An important step for a child to self-regulate is to accept the feelings they have. This is where parents and caregivers can proactively help by normalizing the child’s feelings. Normalizing means letting someone know what they’re thinking, feeling, or experiencing isn’t unique to them. It’s a normal part of whatever they’re going through. This helps them avoid or release feeling ashamed, stigmatized, embarrassed, afraid, confused, alone and many other negative emotions. It helps them know what they’re thinking, feeling, or experiencing is okay, acceptable, and “normal.” When they have that reassurance and feel connected instead of isolated, they’re able to accept what’s happening rather than rail against it. They’re also able to focus on solving the challenge in front of them. Here is an example.
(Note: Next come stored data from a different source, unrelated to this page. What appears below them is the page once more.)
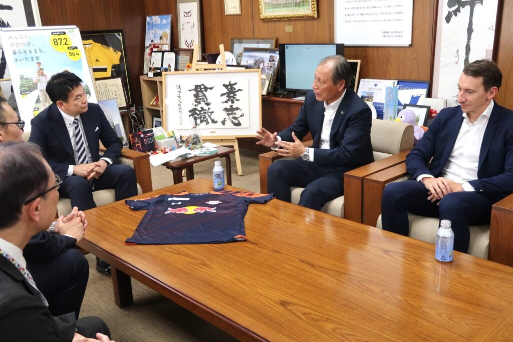 明治安田J2・J3百年構想リーグ開幕に向けて、RB大宮アルディージャの原博実社長ら関係者が2月5日さいたま市役所を訪れ、清水勇人さいたま市長に決意を語りました。
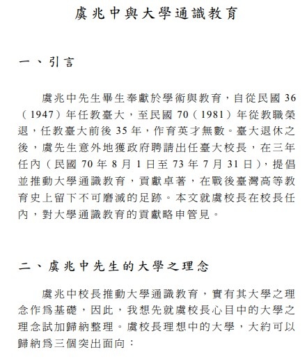 在國內的大學教育史上,大家耳熟能詳的是,虞先生擔任台大校長期間,執著推動「通才教育」,不在乎當局的顧忌,真是雖千萬人吾往矣!今日,「通才教育」或「通識教育」已成為國內大學生人格養成與專業訓練的重要一環,我們能不感念這位「通識教育」前輩當年的堅持 ﹖
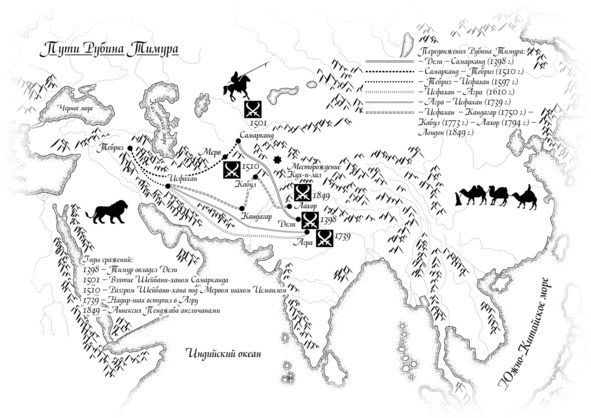 После продолжительной борьбы власть захватил один из сыновей Тимура – Шахрух. Его мало интересовали гражданские и военные дела, большую часть времени он проводил в молитвах и теологических дискуссиях. Но, как и всякий восточный правитель, он знал толк в драгоценностях и при всем своем благочестии и смирении не удержался от искушения увековечить и свое имя на алом самоцвете. В свою очередь и Улугбек, к которому перешел камень, приказал выгравировать свое имя. Потом следы самоцвета теряются. По-видимому, им поочередно владели правящие потомки Тимура, а затем он попал в руки Шейбани-хана, который перехватил власть у Тимуридов14 и вытеснил их из Маверранахра15. Сам Шейбани-хан позже погиб в одном из походов. Одержавший победу шах Исмаил, основатель нового Персидского государства, велел сделать из черепа Шейбани-хана чашу и пил из нее вино в торжественных случаях. Что ж – горе побежденным!
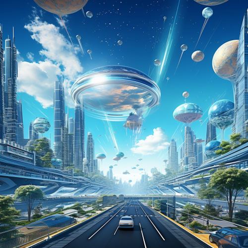 futuristic city, roads, flying cars, futurology, blue sky, psychadelic --v 5.1 --ar 16:9

Imagine you’re heading to the park with a child who is afraid to meet new kids. This child is feeling embarrassed by their lack of social skills and fearful they’ll do or say something wrong.
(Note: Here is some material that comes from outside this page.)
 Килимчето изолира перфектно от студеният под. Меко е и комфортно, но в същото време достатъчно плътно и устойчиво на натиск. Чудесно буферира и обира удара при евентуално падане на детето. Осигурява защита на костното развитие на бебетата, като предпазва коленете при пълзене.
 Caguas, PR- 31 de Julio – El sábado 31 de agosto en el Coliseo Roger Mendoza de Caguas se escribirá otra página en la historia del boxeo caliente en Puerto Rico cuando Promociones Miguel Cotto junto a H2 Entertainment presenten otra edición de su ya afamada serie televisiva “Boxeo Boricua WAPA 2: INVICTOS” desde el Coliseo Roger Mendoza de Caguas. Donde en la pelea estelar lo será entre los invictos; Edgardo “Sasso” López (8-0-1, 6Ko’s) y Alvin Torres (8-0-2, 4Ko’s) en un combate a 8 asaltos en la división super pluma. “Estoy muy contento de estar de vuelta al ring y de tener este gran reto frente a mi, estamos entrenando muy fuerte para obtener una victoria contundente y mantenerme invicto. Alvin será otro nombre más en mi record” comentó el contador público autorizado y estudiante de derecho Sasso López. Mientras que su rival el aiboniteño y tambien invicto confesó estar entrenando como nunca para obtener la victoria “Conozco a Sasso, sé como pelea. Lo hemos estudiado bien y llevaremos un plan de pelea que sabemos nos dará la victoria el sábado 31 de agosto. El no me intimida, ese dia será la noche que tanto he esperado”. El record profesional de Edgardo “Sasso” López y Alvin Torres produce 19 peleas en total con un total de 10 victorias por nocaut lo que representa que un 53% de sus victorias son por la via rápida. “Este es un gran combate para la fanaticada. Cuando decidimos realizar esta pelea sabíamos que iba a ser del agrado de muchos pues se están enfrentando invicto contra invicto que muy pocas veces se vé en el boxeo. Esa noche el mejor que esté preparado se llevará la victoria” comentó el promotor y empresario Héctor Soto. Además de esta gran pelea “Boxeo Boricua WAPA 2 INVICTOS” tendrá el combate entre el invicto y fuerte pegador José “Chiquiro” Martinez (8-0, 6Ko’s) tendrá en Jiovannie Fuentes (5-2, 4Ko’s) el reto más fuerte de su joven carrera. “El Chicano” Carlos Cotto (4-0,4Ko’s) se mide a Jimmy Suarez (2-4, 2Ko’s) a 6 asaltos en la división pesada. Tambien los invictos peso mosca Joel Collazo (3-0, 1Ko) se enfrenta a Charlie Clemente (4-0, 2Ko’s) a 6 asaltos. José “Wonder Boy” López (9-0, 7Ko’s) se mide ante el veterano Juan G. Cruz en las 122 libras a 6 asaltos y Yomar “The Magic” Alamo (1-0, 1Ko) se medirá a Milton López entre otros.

First, you can acknowledge what they’re feeling by saying, “I can see you’re nervous about the park, especially because there might be kids there you don’t know.”
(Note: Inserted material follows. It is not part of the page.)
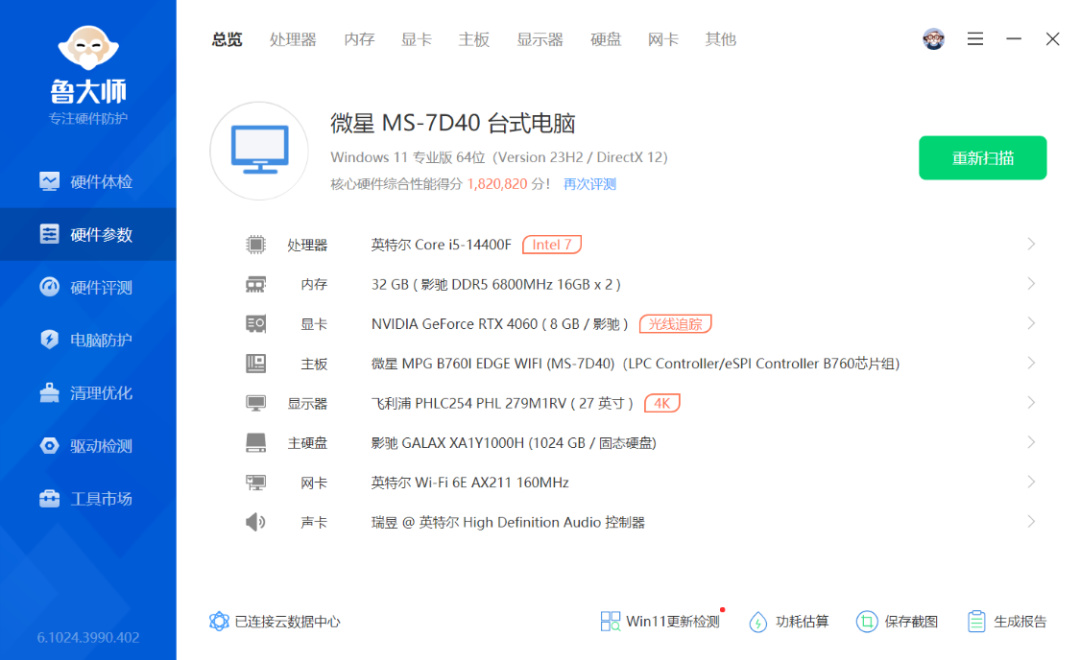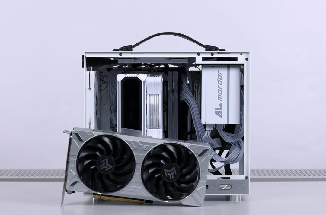 小机箱在显卡选择上限制也相对较多,275mm的安装限长,咱翻遍库存也只找到这款双风扇的RTX4060金属大师OC显卡可以适配。当然,要是段位能再高一到两个级别就更完美了。
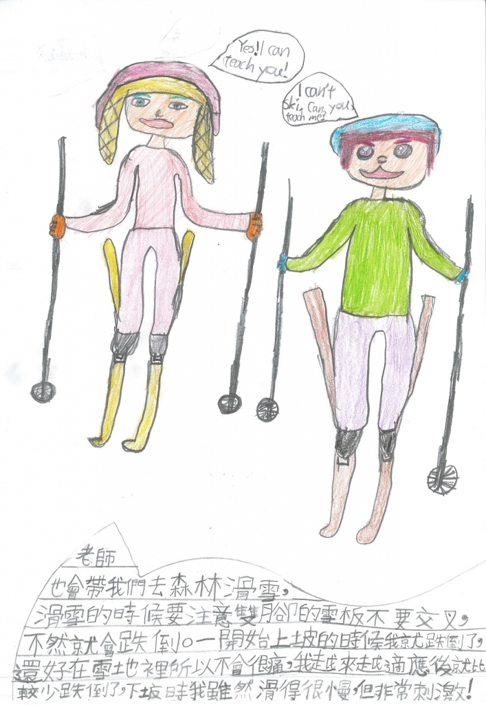 老師也會帶我們去森林滑雪,滑雪的時候要注意雙腳的雪板不要交叉,不然就會跌倒。一開始上坡的時候我就跌倒了,還好在雪地裡所以不會很痛,我越來越適應後就比較少跌倒了,下坡時我雖然滑得很慢,但非常刺激!

Then you can normalize those feelings by saying, “Feeling nervous around new people is something a lot of kids and even adults feel. A lot of people don’t know exactly how to start a conversation with someone new and are afraid of doing or saying the wrong thing. All of that is okay.”
Then you can shift into skill-building mode to help that child move forward by saying, “If you want, we can come up with a few things you can say to a new kid, and you can practice saying those things to me. Neurons that fire together wire together, so practicing now will make it easier later, even when you’re nervous.”
If the child isn’t at the place to try out a new skill, you can reassure them that’s okay too, and you’ll be ready to try when they are. Acknowledging and normalizing their feelings will make them less fearful, and soon, they will be ready to try a new approach.